What Iran desires is a nuclear weapon–the better to threaten and annihilate the impious in the West and in Iran’s neighborhood. Iran declares its anti-Western ambitions stridently. At an official parade in 2004, Iran flaunted a missile draped with a banner declaring that: “We will crush America under our feet.” (Its leaders, moreover, have for years repeated the demand that “Israel must be wiped off the map.”)
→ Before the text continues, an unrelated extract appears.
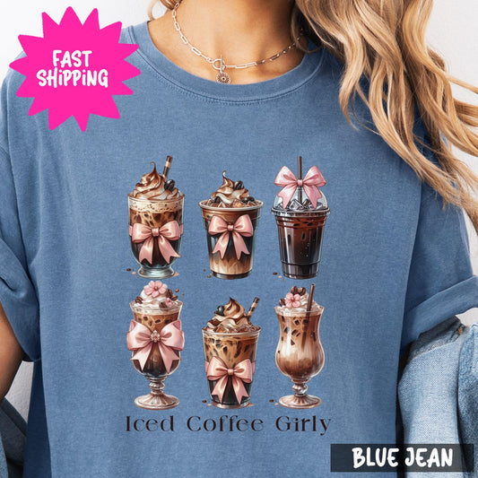 Iced Coffee Girly Design Comfort Colors T-Shirt, Cute Coffee Lover Tee, Girly Coffee Graphic Top, Fun Coffee Shirt, Gift for Her

A committed enemy of the West, Iran is the ideological wellspring of Islamic terrorism, and the “world’s most active sponsor of terrorism” (according to the U.S. government). A totalitarian regime that viciously punishes “un-Islamic” behavior among its own citizens, Iran actively exports its contempt for freedom and human life throughout the infidel world. For years it has been fomenting and underwriting savage attacks on Western and American interests, using such proxies as Hezbollah. Like several of the 9/11 hijackers before them, many senior al-Qaida leaders, fugitives of the Afghanistan war, have found refuge in Iran. And lately Iran has funneled millions of dollars, arms and ammunition to insurgents in Iraq.

It’s absurd to think that by offering Iran rewards to halt its aggression, we will deflect it from its goal.

The only consequence of engaging such a vociferously hostile regime in negotiations is the whitewashing of its crimes and the granting of undeserved legitimacy. The attempt to conciliate Iran has further inflamed the boldness of Iran’s mullahs. What it has taught them is that the West lacks the intellectual self-confidence to name its enemies and deal with them accordingly. It has vindicated the mullahs’ view that their religious worldview can bring a scientific, technologically advanced West to its knees.

Whether or not negotiations yield a deal, “diplomacy” abets Iran. The deal would have sustained Iran’s economy, propped up its dictatorial government and perpetuated its terrorist war against the West. But even without a deal, simply by prolonging “negotiations,” Iran grows stronger because it gains time to continue covert nuclear-weapons research.

This approach of diplomacy-with-anyone-at-any-cost necessarily results in nourishing one’s enemy and sharpening its fangs. That is what happened under a 1994 deal with communist North Korea. After endless negotiations and offers of aid, North Korea promised not to develop nuclear weapons. When the North was caught cheating on its pledge, the West pursued yet more negotiations, and the North eventually promised anew to end its nuclear program. In February 2005 North Korea declared (plausibly) that it had succeeded in building nuclear weapons.

Another, older, attempt to negotiate with an avowed enemy was a cataclysmic failure. In 1938 the Europeans pretended that Hitler’s intentions were not really hostile, and insisted that “peace in our time” could be brokered diplomatically (by letting him take Czechoslovakia). The negotiations afforded him time to build his military machine and emboldened him to launch World War II.

Ignoring the lessons of history, the Europeans embarked on negotiations with Iran that likewise sought the reckless pretence of peace today, at the cost of unleashing catastrophic dangers tomorrow.

To protect American (and European) lives, we must learn the life-or-death importance of passing objective moral judgment. By any rational standard, Iran should be condemned and its nuclear ambition thwarted, now. The brazenly amoral European gambit has only aided its quest–and will entail a future confrontation with a bolder, stronger Iran.